## DATA SEGMENT
▼
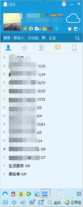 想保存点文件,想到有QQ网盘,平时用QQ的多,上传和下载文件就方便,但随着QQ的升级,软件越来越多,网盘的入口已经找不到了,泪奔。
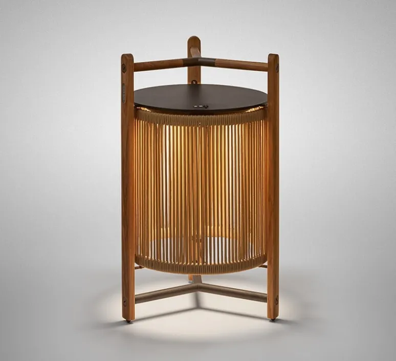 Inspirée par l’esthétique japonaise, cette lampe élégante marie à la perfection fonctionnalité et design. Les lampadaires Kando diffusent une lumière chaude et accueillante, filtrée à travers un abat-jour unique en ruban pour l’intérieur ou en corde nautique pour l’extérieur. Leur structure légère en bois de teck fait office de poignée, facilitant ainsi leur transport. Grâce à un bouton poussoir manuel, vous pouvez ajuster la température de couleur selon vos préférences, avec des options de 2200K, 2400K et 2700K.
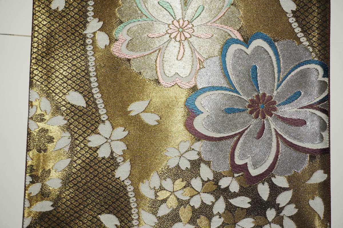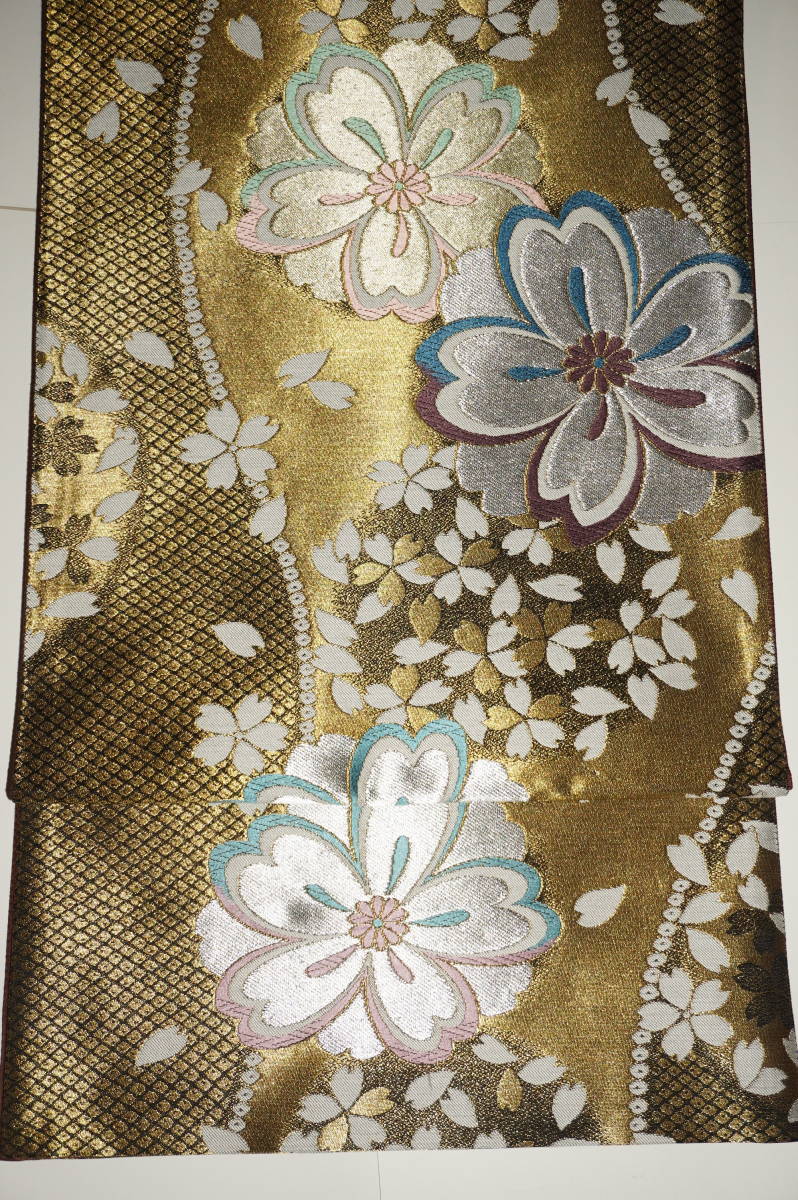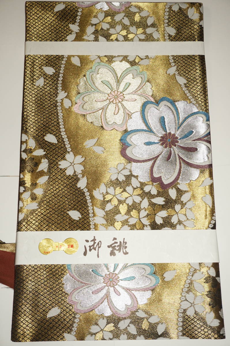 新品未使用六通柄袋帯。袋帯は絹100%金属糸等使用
▲
## AIM OF THE EXERCISE
The listing above should be repeated word for word, pictures removed.

## YOUR SOLUTION
 想保存点文件,想到有QQ网盘,平时用QQ的多,上传和下载文件就方便,但随着QQ的升级,软件越来越多,网盘的入口已经找不到了,泪奔。
 Inspirée par l’esthétique japonaise, cette lampe élégante marie à la perfection fonctionnalité et design. Les lampadaires Kando diffusent une lumière chaude et accueillante, filtrée à travers un abat-jour unique en ruban pour l’intérieur ou en corde nautique pour l’extérieur. Leur structure légère en bois de teck fait office de poignée, facilitant ainsi leur transport. Grâce à un bouton poussoir manuel, vous pouvez ajuster la température de couleur selon vos préférences, avec des options de 2200K, 2400K et 2700K.
 新品未使用六通柄袋帯。袋帯は絹100%金属糸等使用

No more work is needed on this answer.